Odpowiedzi dodane przez tarczewski


  1. Kilka wiosek dalej od mojej pasieki w czwartek woda zabrała pszczelarzowi 30 uli. Pod koniec marca w moim mieście ktoś wytruł 15 rodzin . Gazety o tym barbarzyństwie pisały.Ilość rodzin  pszczelich  w moim powiecie dramatycznie spada.Na pewno   ma tu znaczenie też wiek pszczelarzy, którzy systematycznie zmniejszają pasieki, ale też brak następców oraz tanie niby miody zagraniczne.W tym roku chyba pierwszy raz poważni  prezesi spółek rolnych wydzwaniali po moich znajomych prosząc o wstawienie- uwaga pszczół na rzepak. W moim województwie zdarzają się kilkuset hektarowe plantacje rzepaku prawie bez pszczół. Owszem może się zdarzyć przepszczelenie w dolnośląskim na wrzosie, czasem na gryce.

    Często jest tak, że nie chodzi o przepszczelenie, ale o lenistwo, zawiść, zazdrość, albo o zwykłą konkurencję na ryku miodu. Moim zdaniem,to mit i bardziej wydumana sprawa


  2. Teraz, robert napisał:

    Ja rozumiem Prawicowców. Korzystacie z darmowej nauki dla swych wnuków , ochrony zdrowia za darmo. Ale za tony miody ,wara z podatkami.
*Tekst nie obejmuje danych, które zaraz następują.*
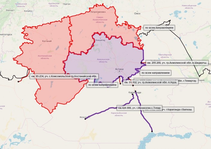 Между тем в Карагандинской области для грузового и общественного транспорта закрыты дороги от Караганды до Балхаша и от Жезказгана до села Топар. Также ограничено движение от границ Акмолинской области до Темиртау и поселка Нура.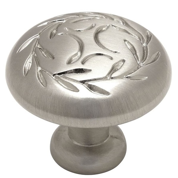Cosmas 5 Pack 464SN Satin Nickel Leaf Cabinet Hardware Round Knob - 1-1/4" Inch Diameter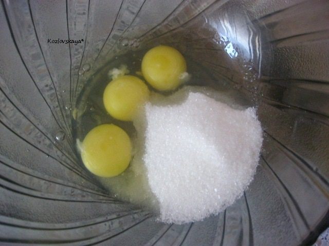 В большой миске взбить яйца с сахаром, до белой массы.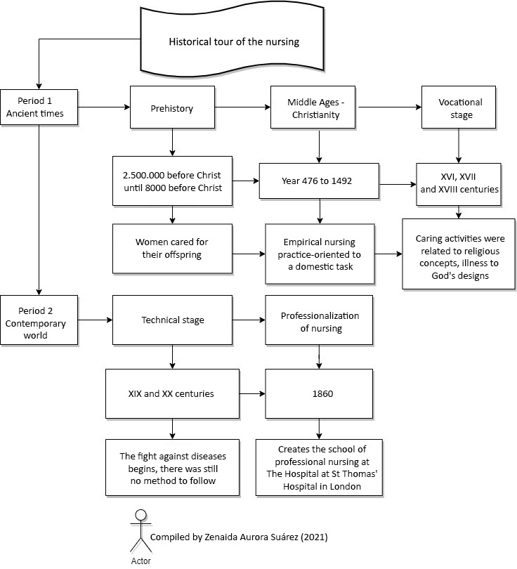 The emergence of Christianity or the so-called middle stage covers ancient times such as archaic societies and the classical world (476 to 1492). (Doctors, 2021) At a time when nursing practice developed empirically oriented to a domestic task, it was the ideal time to recognize women as the first caregiver in ancient communities. “The closeness of women to nature because of their reproductive function means that historically they have been assigned the function of caring, to such an extent that culture interprets and assumes it as something inherent”. (Torres, 2006)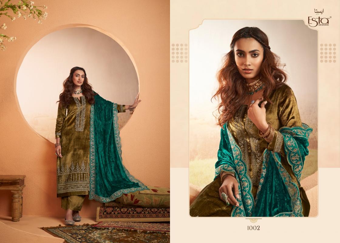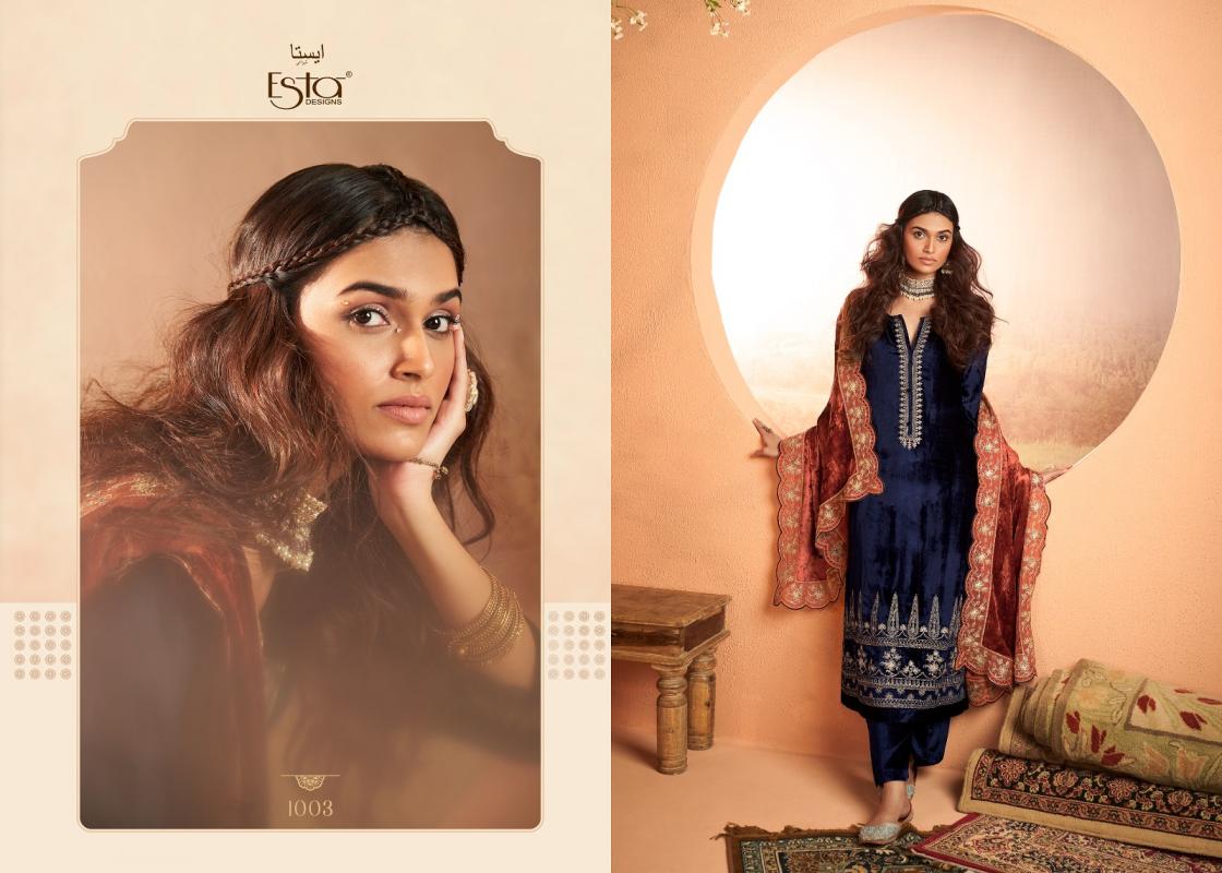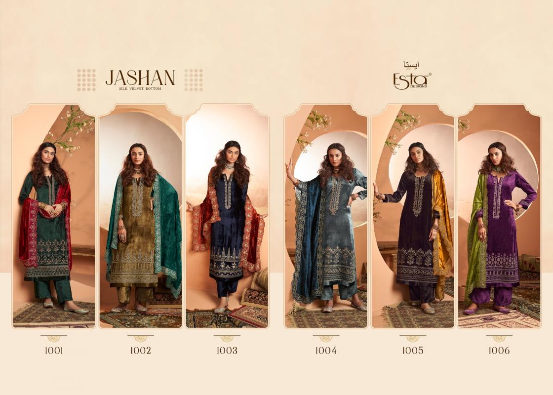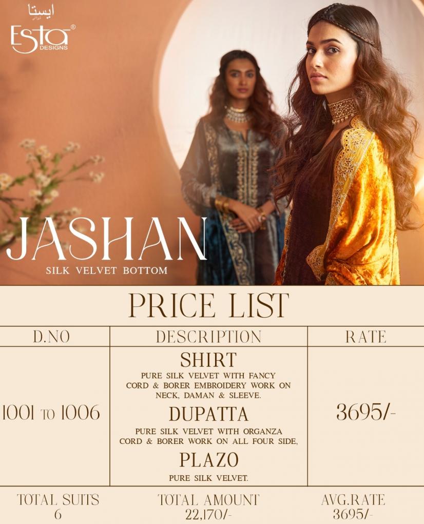 Looking for ESTA DESIGNS JASHAN DESIGNER WINTER 3PCS DRESS Full Catalouge at Best Price? Buy Now ESTA DESIGNS JASHAN DESIGNER WINTER 3PCS DRESS at Wholesale Rate of Rs 22170 with Total 6 Pcs from authroized dealer and supplier of Esta Designs Brand. Cost of Each piece is just only Rs 3695 which is very low and affordable price to resale the product in your retail store. rrgandhi is Surat based Wholesale Supplier & Dealer of Esta Designs Brand. Click on Brand name to Know more about Brand's products.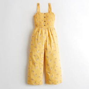 NWT Hollister Yellow Floral Crop Wide-Leg Linen Blend Jumpsuit - Size Medium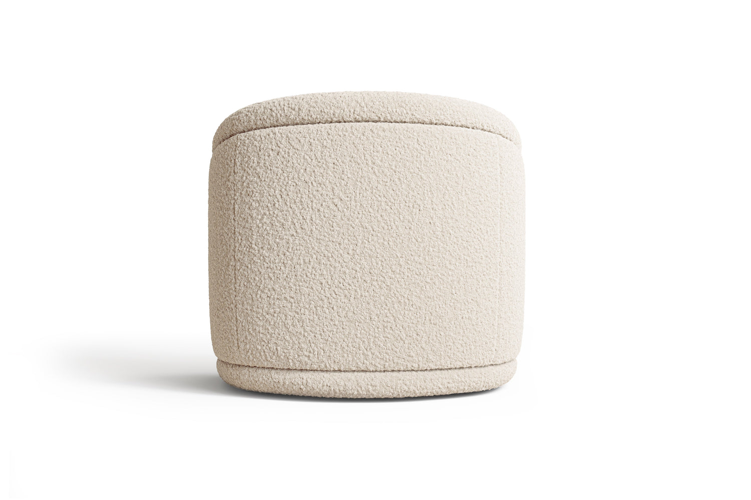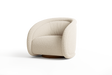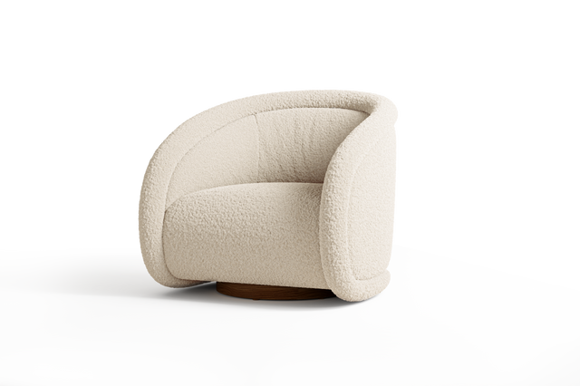 Introducing the Violet chair, a sophisticated and contemporary twist on the classic barrel chair design. This piece is a symphony of comforting curves, blending a timeless aesthetic with modern flair. The Violet chair boasts a rounded silhouette, emphasized by padded channeling that seamlessly flows from the arms, across the back, and down to the base, completing a full loop of elegant continuity. Crafted in a luxurious light beige textured boucle, this chair offers a plush, tight-cushioned seat coupled with a low-profile, enveloping backrest. It rests on a discreetly recessed base, revealing just a hint of wood grain finished in a delicate brown, adding a touch of organic warmth to its appearance.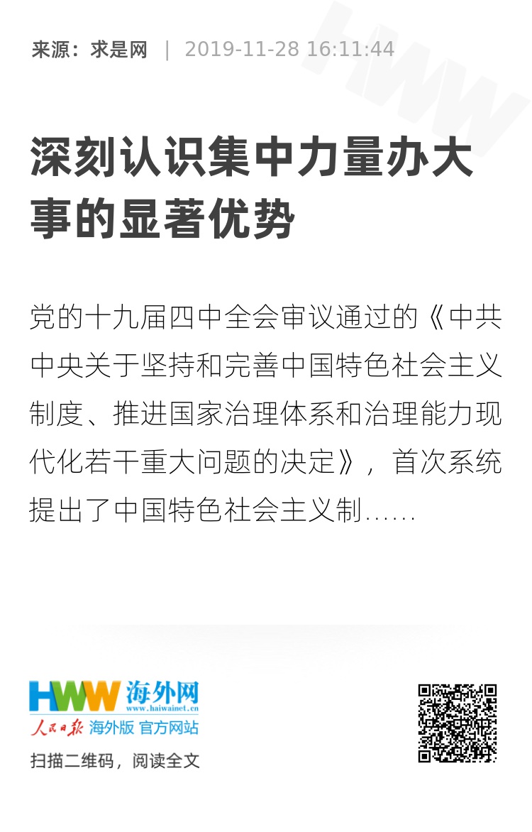 党的十九届四中全会审议通过的《中共中央关于坚持和完善中国特色社会主义制度、推进国家治理体系和治理能力现代化若干重大问题的决定》,首次系统提出了中国特色社会主义制度和国家治理体系具有十三个方面的显著优势,其中有“坚持全国一盘棋,调动各方面积极性,集中力量办大事的显著优势”。集中力量办大事是中国特色社会主义制度的重要特征,也能最直接最形象体现中国特色社会主义制度的显著优势。当前,为贯彻落实四中全会精神要求,增强中国特色社会主义制度自信,进一步发挥好集中力量办大事的显著优势,我们必须深刻认识坚持这一显著优势的重要性和必要性。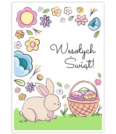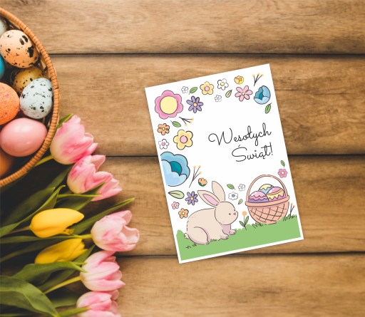 Kolorowa kartka z motywem wielkanocnym będzie idealnym upominkiem do wręczenia z okazji Świąt Wielkanocnych.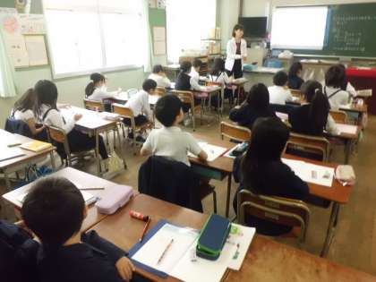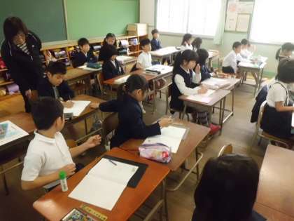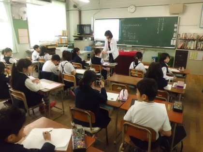 4月18日(火)3年算数科の学習です。視聴覚機器を使用しながら、二人の先生の指導で学習をすすめています。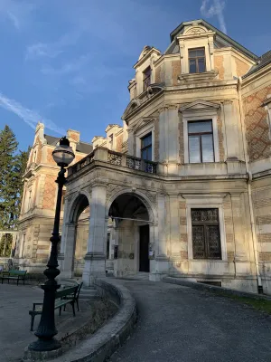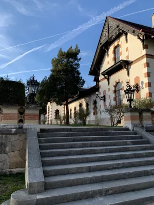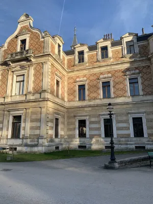 The Hermes Villa in the former imperial hunting grounds of Lainzer Tiergarten in Vienna is known as the castle of dreams. I really wanted to visit this castle, which Emperor Franz Joseph I gave to his empress Elisabeth, popularly known as Sisi. The castle, surrounded by nature, was intended to encourage the travel-loving empress to stay in Vienna more often. The romantic villa, which was built in just five years between 1882 and 1886 according to the plans of the famous Viennese Ringstrasse architect Carl von Hasenauer, was originally called “Villa Waldruh.” However, the empress commissioned Berlin sculptor Ernst Herter to design the sculpture “Hermes the Guardian,” which still stands in the center of the park today. This is how the villa got its name, Hermes Villa. Between 1887 and 1889, the imperial couple regularly used this magnificent villa in late spring. After 1911, the villa had several owners and was even used as a film set in the 1960s for Walt Disney’s film “The Flight of the White Stallions.” On November 4, 1969, the villa was leased to the “Friends of Hermes Villa Association” and, after extensive renovation, was gradually opened to the public from October 9, 1971. Today, the first floor houses an impressive exhibition on the history of the villa and a branch of the Historical Museum, where special exhibitions are regularly held. In addition to magnificent paintings from the historicist period by Hugo Charlemont and Gustav Klimt, the empress’s bedroom with its gigantic state bed from the time of Maria Theresa and the magnificent murals inspired by Shakespeare’s “A Midsummer Night’s Dream” and designed by Hans Makart are absolutely fascinating. From the Lainzer Tor, I walked over a kilometer through the Vienna Woods to the Hermesvilla. Sisi’s castle of dreams enchanted me from the very first moment with its mixture of Renaissance and Baroque elements. The two-story building with its facade cladding of house stones and band-like red and glazed bricks is simply beautiful. I strolled through the courtyard with its large stables and farm buildings as well as the servants’ quarters and saw the fantastic fountain by Viktor Tilgner in the center of the courtyard. This fountain depicts Genoveva with the doe. Legend has it that Genoveva of Brabant, who lived in the 8th century, was mistakenly accused of adultery and sentenced to death. However, the executioner took pity on the pregnant woman and set her free. Genoveva then lived for years with her newborn son in a cave and was cared for by the Virgin Mary in the form of a doe. After six years, she was found by her husband Siegfried, who had always believed in her innocence. In gratitude for Genoveva’s salvation, he built a pilgrimage church in Fraukirch in the German state of Rhineland-Palatinate. The beautiful villa has a staircase with impressive oak paneling and a coffered ceiling in the German Renaissance style. The octagonal reception hall dates back to the 17th century. In addition to valuable paintings, the villa also houses many sculptures from Greek mythology. Today, the large hall is home to a café-restaurant with a magnificent terrace overlooking the park. The villa also houses the Tilgnersaal, the so-called church hall, with a magnificent ceiling and house altar in the background. I was really impressed by the castle and its 36-hectare park, which blends seamlessly into the 2,400-hectare Lainzer Tiergarten forest. The Hermesvilla is a beautiful castle in an idyllic spot. Very close to the villa is the famous sculpture by artist Ulrike Truger, made of Carrara marble and entitled: “Elisabeth: Compulsion – Escape – Freedom.” Fans, cloaks, and wings serve as symbols. The castle of dreams wonderfully combines nature, art, and culture and has become a true pilgrimage site for Sisi fans.

    W internetach , pokazują że w waszym terenie 800 czy 1000 uli na jednej pasiece to żadna nowość.

    To może te 500 zł podatku było by normą.

    Idąc tym tokiem myślenia to dla pszczelarzy należało by przywrócić pańszczyznę a dla przyszłych ich żon, wprowadzić prawo pierwszej nocy. Za każdą martwą pszczołę płacić jak myśliwym  w związku z ASF(to akurat, moim zdaniem słusznie) i znieść  koniecznie rekompensaty za  AFB.  Niektórym na pewno by się spodobało, pytanie ilu?


  3. ,,Do konsultacji społecznych przesłany został projekt rozporządzenia Rady Ministrów sprawie szczegółowego zakresu i sposobów realizacji niektórych zadań Agencji Restrukturyzacji i Modernizacji Rolnictwa." OJ ,, OBROŃCY" PSZCZELARZY BĘDĄ MIESZAĆ!


  4. Może ,,ktoś" ważniejszy skomentuje kulisy i przybliży moją wiedzę przeczytaną w agrofakcie.pl: mgr inż. Ewelina Marciniak 12 maja 2021

    ,,MRiRW przygotowało zmiany do rozporządzenia Rady Ministrów z których wynika, że do rolników trafi dodatkowa pomoc finansowa z ARiMR. Na dotacje mogą liczyć m.in. pszczelarze,"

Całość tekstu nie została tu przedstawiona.